CBS news correspondent Kimberly Dozier, author of the book "Breathing the Fire" which chronicles events and her experiences after having nearly been killed on Memorial Day in 2006 by an explosive device while reporting in Iraq, asked Arianna Huffington a question on Facebook yesterday. I'll let her comment and question stand on its own. I think it shows just how complicated, indeed, is the question of where the U.S. needs to go on Iraq. It goes far beyond anyone's given ideology, political posturing, and respective choice of Presidential candidate.

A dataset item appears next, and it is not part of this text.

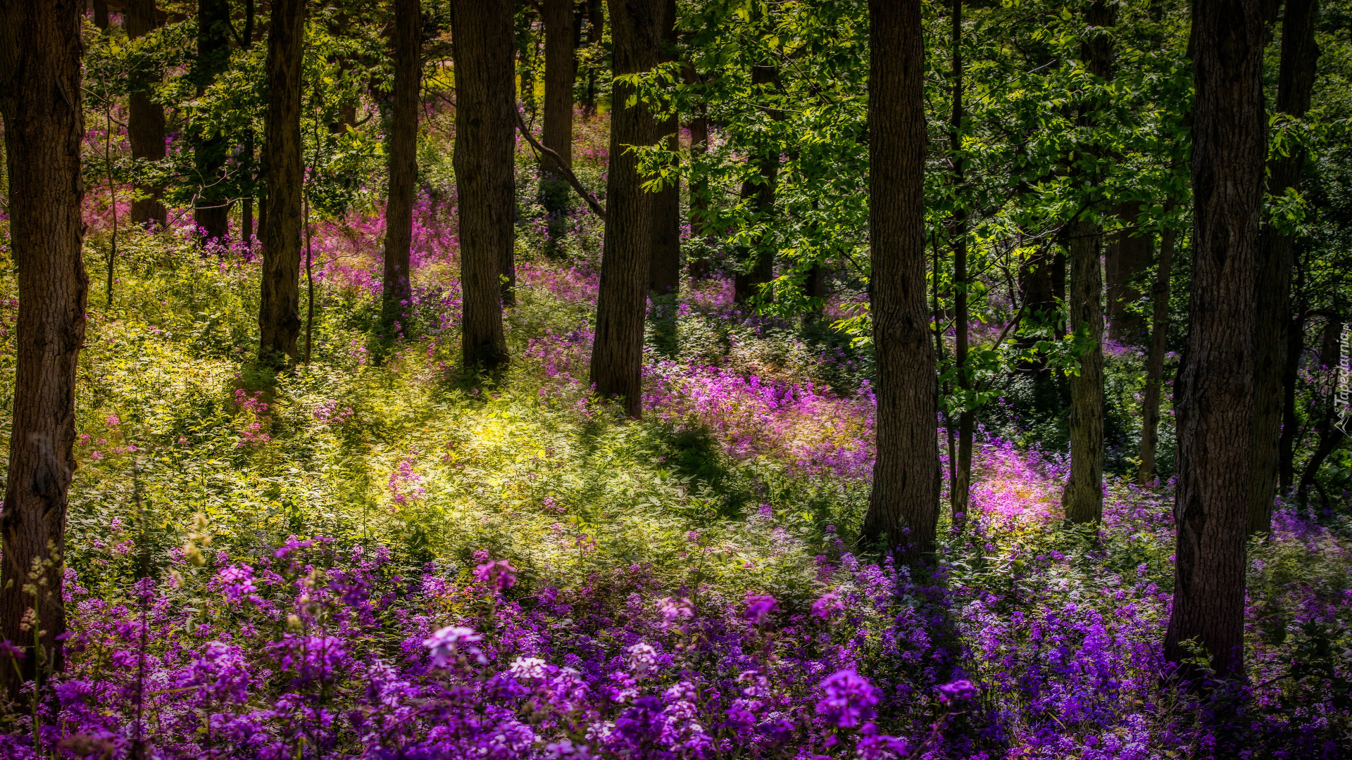 Edytor tapety: Fioletowe kwiaty pod drzewami w słonecznym lesie

It's fairly obvious that the news network's front-line correspondents do not wish to be used for anyone's political purpose in this Presidential campaign season. George W. Bush and Dick Cheney have used the Iraq war as a political tool and have treated the mainstream media..sometimes with success, disappointingly... as little more than their personal stenographers. It's happened for so long now...with far less success lately on the Bush administration's part .. that I think we've become perhaps too suspicious about the reporters who lay their own lives on the line every day to report what's actually happening on the ground.
Ms. Dozier asks the owner of the Huffington Post:
If I report the success of one part, and ALL those other caveats...how does that get turned into "the mainstream media buys into the propaganda that taking out Saddam was the right thing at the right time?" I never reported that!
I've frequently been misquoted on my book tour on other subjects, so I'm a little over-sensitive about this one."
I know it's not a great analogy, but have you ever been the one person in a dysfunctional family situation who's held everything and everyone together...knowing all the while that once you backed away, all hell would break loose again because you were never, in reality, able to fix what was broken on your own?
Well, it sounds like that's the military in Iraq today.
Perhaps the reason the military - and the Surge- is the only part of the Iraq war being placed in focus by the major networks is because someone sitting behind a desk at corporate headquarters has been pressed into not telling the whole story...while our best war correspondents risk, and in the case of CBS' cameraman Paul Douglas and soundman James Brolan, lose their lives.